• [About this task]:
Repeat the records below exactly from the line containing "每个名将伙伴可以通过打书开孔,获得一个额外的技能位置;" to the line containing "Untergrund wird zur", taking in both of those lines. Drop the pictures.

• [Raw data]:
☆ ☆ ☆ ☆

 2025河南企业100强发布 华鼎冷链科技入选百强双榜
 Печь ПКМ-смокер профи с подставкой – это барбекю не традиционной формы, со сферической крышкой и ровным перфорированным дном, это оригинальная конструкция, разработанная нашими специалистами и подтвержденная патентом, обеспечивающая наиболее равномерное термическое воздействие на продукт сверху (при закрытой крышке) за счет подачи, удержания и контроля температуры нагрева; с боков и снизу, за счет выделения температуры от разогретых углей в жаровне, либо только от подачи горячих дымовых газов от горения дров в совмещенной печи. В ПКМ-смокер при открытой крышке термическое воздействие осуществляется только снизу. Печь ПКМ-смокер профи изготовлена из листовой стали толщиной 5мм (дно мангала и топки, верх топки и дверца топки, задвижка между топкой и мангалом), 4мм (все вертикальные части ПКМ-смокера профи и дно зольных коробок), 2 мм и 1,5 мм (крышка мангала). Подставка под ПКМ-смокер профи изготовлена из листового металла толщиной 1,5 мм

☆ ☆ ☆ ☆

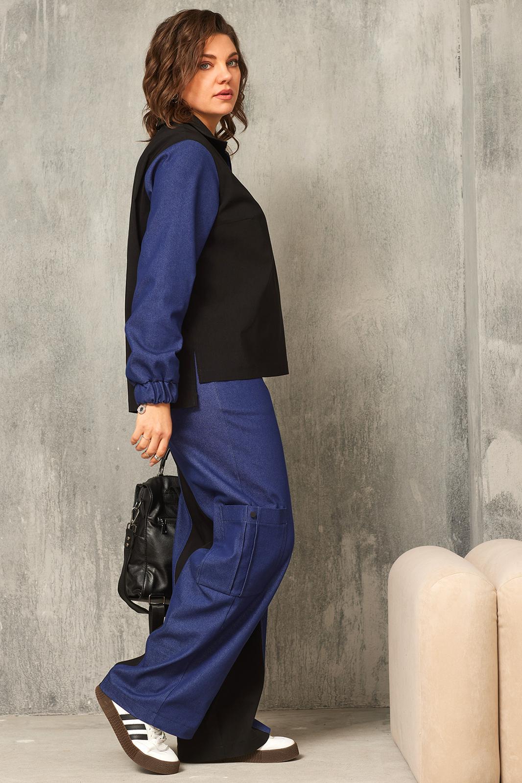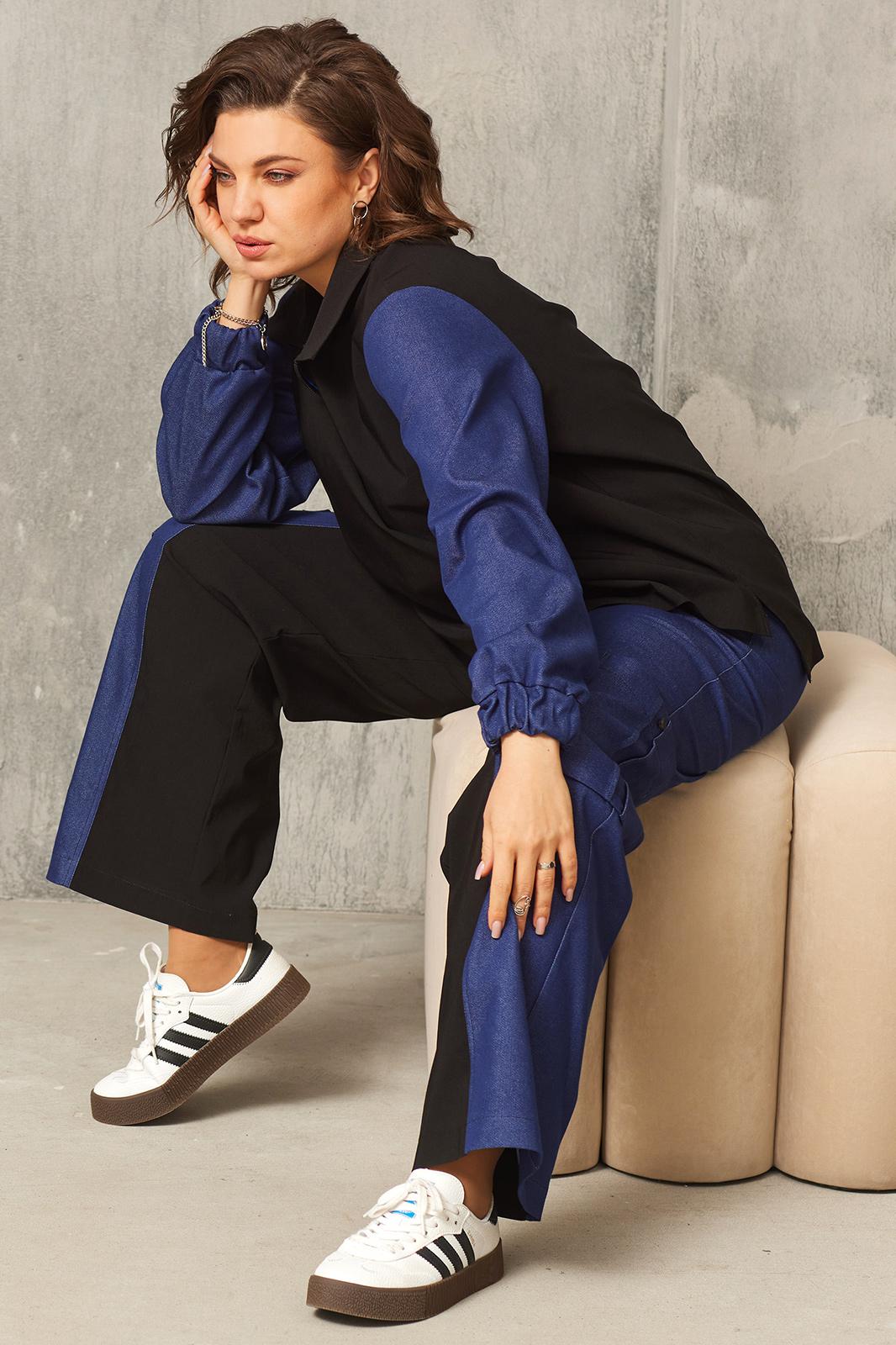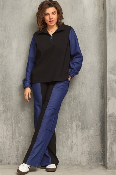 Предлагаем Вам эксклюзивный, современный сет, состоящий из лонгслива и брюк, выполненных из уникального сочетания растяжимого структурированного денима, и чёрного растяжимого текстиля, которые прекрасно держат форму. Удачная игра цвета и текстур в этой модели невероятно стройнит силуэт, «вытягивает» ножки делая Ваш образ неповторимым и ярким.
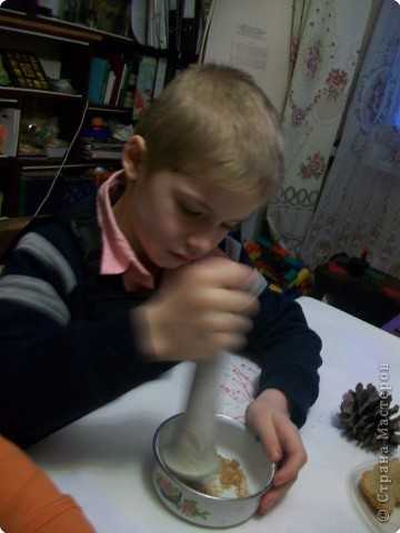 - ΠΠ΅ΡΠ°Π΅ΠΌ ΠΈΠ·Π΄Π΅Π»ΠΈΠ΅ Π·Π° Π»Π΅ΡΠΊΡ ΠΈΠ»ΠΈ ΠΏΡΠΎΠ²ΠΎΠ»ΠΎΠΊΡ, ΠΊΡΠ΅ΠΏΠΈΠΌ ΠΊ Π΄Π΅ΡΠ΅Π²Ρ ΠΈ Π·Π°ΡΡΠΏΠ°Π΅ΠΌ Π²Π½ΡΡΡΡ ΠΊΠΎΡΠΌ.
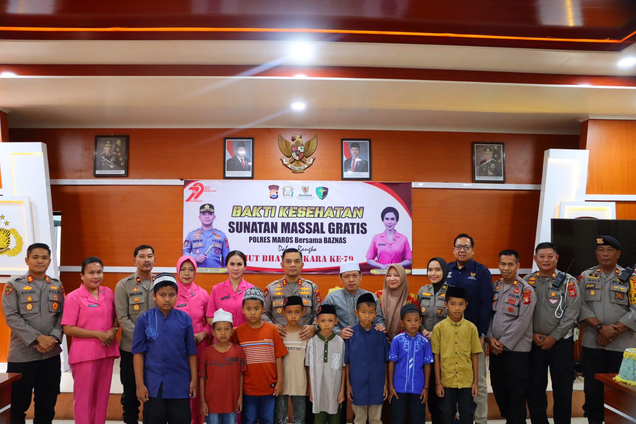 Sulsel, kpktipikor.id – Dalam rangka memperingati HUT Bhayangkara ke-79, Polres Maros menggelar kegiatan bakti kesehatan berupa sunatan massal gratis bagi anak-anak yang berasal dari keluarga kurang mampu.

☆ ☆ ☆ ☆

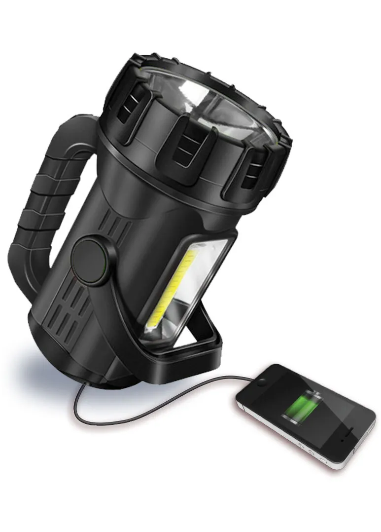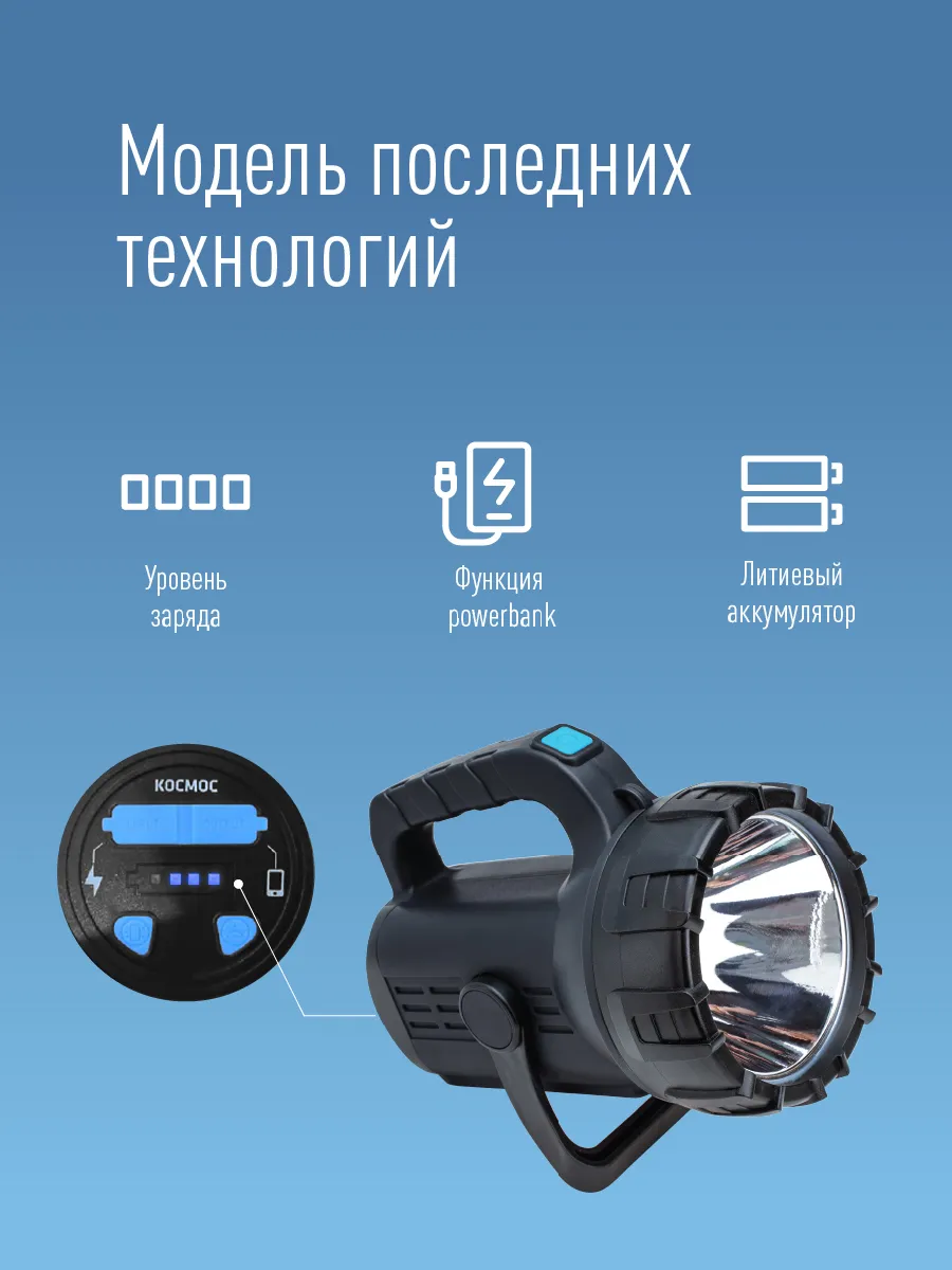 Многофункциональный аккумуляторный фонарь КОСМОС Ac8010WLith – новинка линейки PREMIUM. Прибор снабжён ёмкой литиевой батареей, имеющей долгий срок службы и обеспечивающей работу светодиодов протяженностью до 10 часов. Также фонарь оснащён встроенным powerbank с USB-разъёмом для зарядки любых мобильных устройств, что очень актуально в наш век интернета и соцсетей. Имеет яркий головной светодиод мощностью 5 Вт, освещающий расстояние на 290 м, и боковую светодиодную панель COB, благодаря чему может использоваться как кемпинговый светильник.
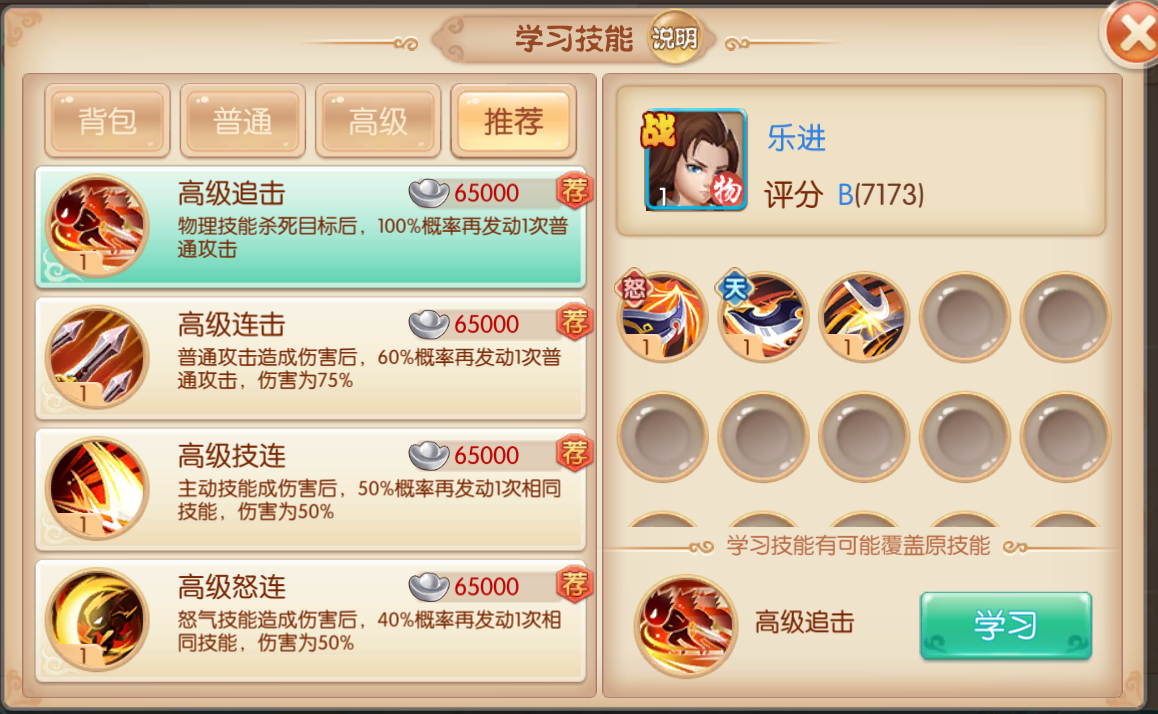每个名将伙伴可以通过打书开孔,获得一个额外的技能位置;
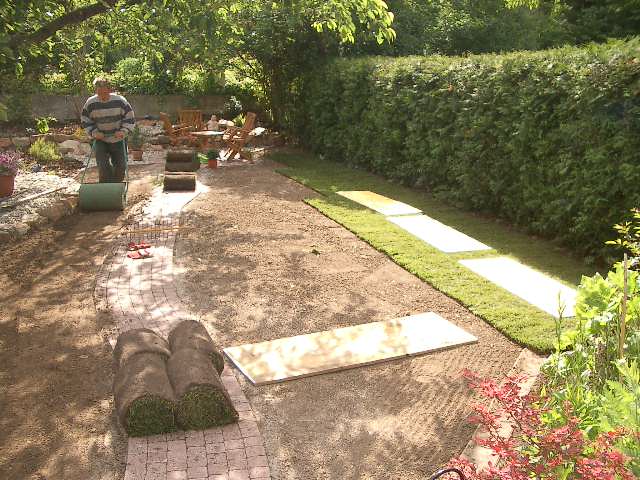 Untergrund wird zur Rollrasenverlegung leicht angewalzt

☆ ☆ ☆ ☆

• [Exercise output]:
每个名将伙伴可以通过打书开孔,获得一个额外的技能位置;
 Untergrund wird zur Rollrasenverlegung leicht angewalzt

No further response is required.